Greetings, Friends & Neighbors!
Just a quick check-in to let you know I’m still alive AND full of gratitude for the rare opportunity to serve as a national park volunteer interpreter this summer.
A few random observations/learnings of late are as follows:
Half of the world’s fresh water lies in Canada.
Half of the world’s biting, stinging black flies live at my campsite.
After finding a big, muddy paw print on my outdoor wash station and a pile of stinky scat nearby, bears are a thing. Apparently. Especially at night. In my imagination. When I imagine one ripping into my canvas sleeping tip-out and eating my face.
A can of Progresso soup on Minnesota’s “North Coast” costs $4.39 (Campbell’s chicken and rice, here I come!).
The summertime North Country weather is delightfully vexing for this North Florida cracker who grew up picking tobacco and loading watermelons in the blazing summer heat. Next, week, for example: highs in the low 60s, lows in the high 40s.
Nature abounds. Not long after I arrived, I saw two wolves gallop across the highway. I LOVE wolves. Always have. Ever since I read Barry Lopez’s Of Wolves and Men. In fact, I’d love to tame one—have a pet wolf. But since Canis lupus probably have a built-in taste for succulent moose calf, I doubt I could tempt one with a Purina® Pizza-Flavored Beggin’ Strip.
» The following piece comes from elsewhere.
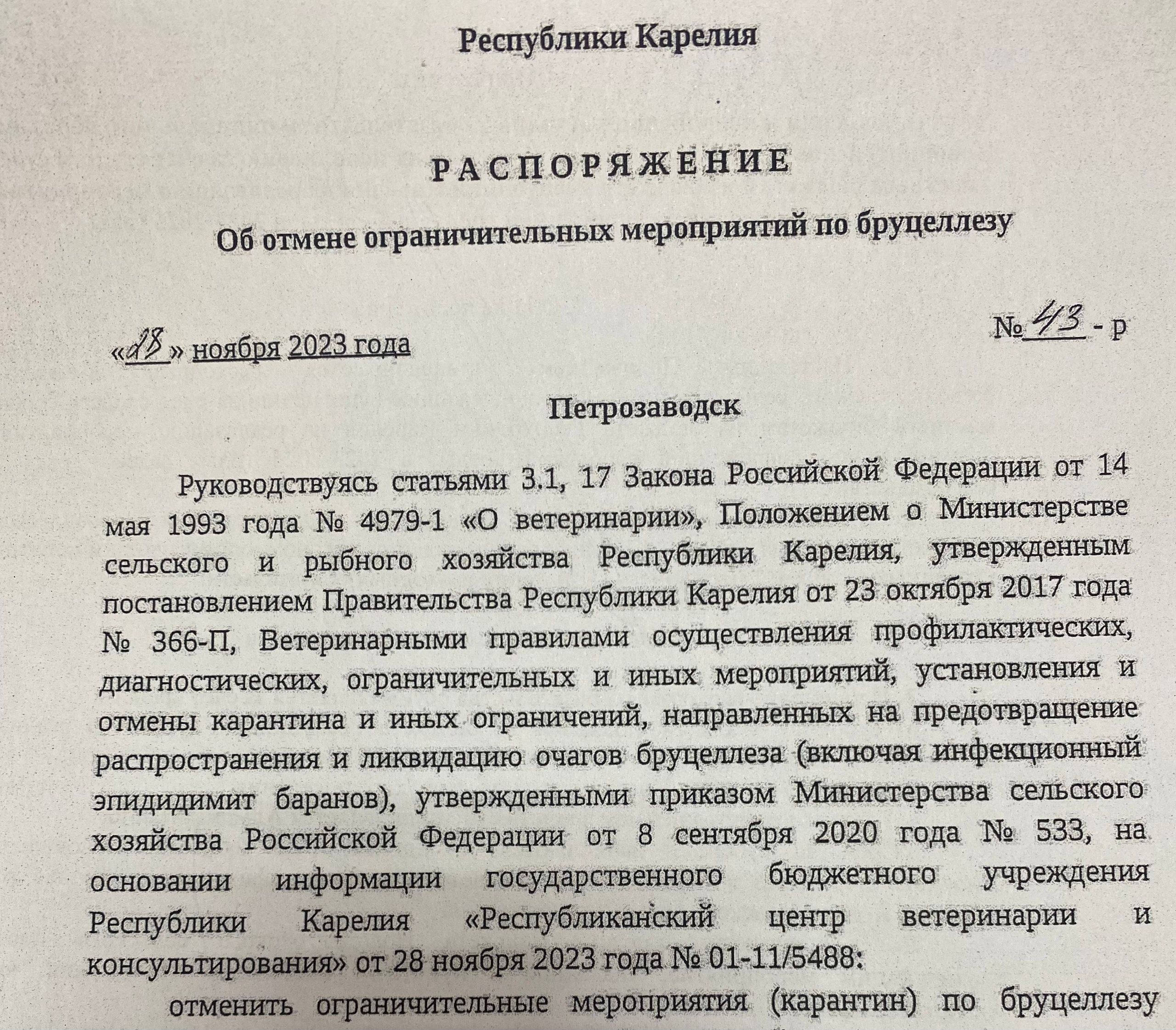 Об этом сообщает администрация Нововилговского сельского поселения, которая получила ответ на запрос от Министерства сельского и рыбного хозяйства. Согласно распоряжению ведомства, карантин по бруцеллезу был отменен еще 28 ноября.

The Grand Portage Community Center heated swimming pool, whirlpool and sauna are Gifts from God on High for this routinely achy 66-year-old body. Dues are a whopping $10 a month.
In my next life, I’d like to come back as a card-carrying, genetically valid member of the Grand Portage Band of Lake Superior Chippewa (aka “Ojibwe” or “Anishinaabe”). These folks are hospitable to a fault, gentle, highly intelligent, and most of all, respectfully plugged into each other and into the wonders of the cosmos. Nathan and Ethan, two young co-workers, even treat me like a wise elder. Go figure. For this LWOF (“Lily-White Old Fart”) whose European progenitors kicked the Ojibwe off their sacred land in 1854, it’s a tad disorienting.
Karl, a ranger I work with, a 25-year veteran interpreter, once sawed the nose off of a moose and made “moose snout gelatin” out of it. (DO NOT go to this link after eating.)
Living small (in a camper I can’t stand up in) brings big challenges, but I’m gradually organizing my life so it’s reasonably comfortable. As a gleeful escapee from the “stuff-centered” trap of American Consumerism, I was recently inspired (validated?) by a line of dialogue from a movie I recently watched, uttered by Lakota Sioux actor dressed in a U.S. Calvary uniform while perched on a buckskin stallion: “To know the difference between what you want and what you need, figure out how much you can put on horse.”
That’s all for now! Grand Portage National Monument is located on tribal land and co-managed by the Anishinaabe people. If you’re interested to learn more, here’s the official story.
Peace & Love,
Mark



so great...im following along trail....also another co-incidence: new england raised i have been living in n.florida for past 20 years in DFS which has its own history so now i'll have to go back to your older posts!!!
Jerry and I got a kick out of your new life style. Have fun and enjoy.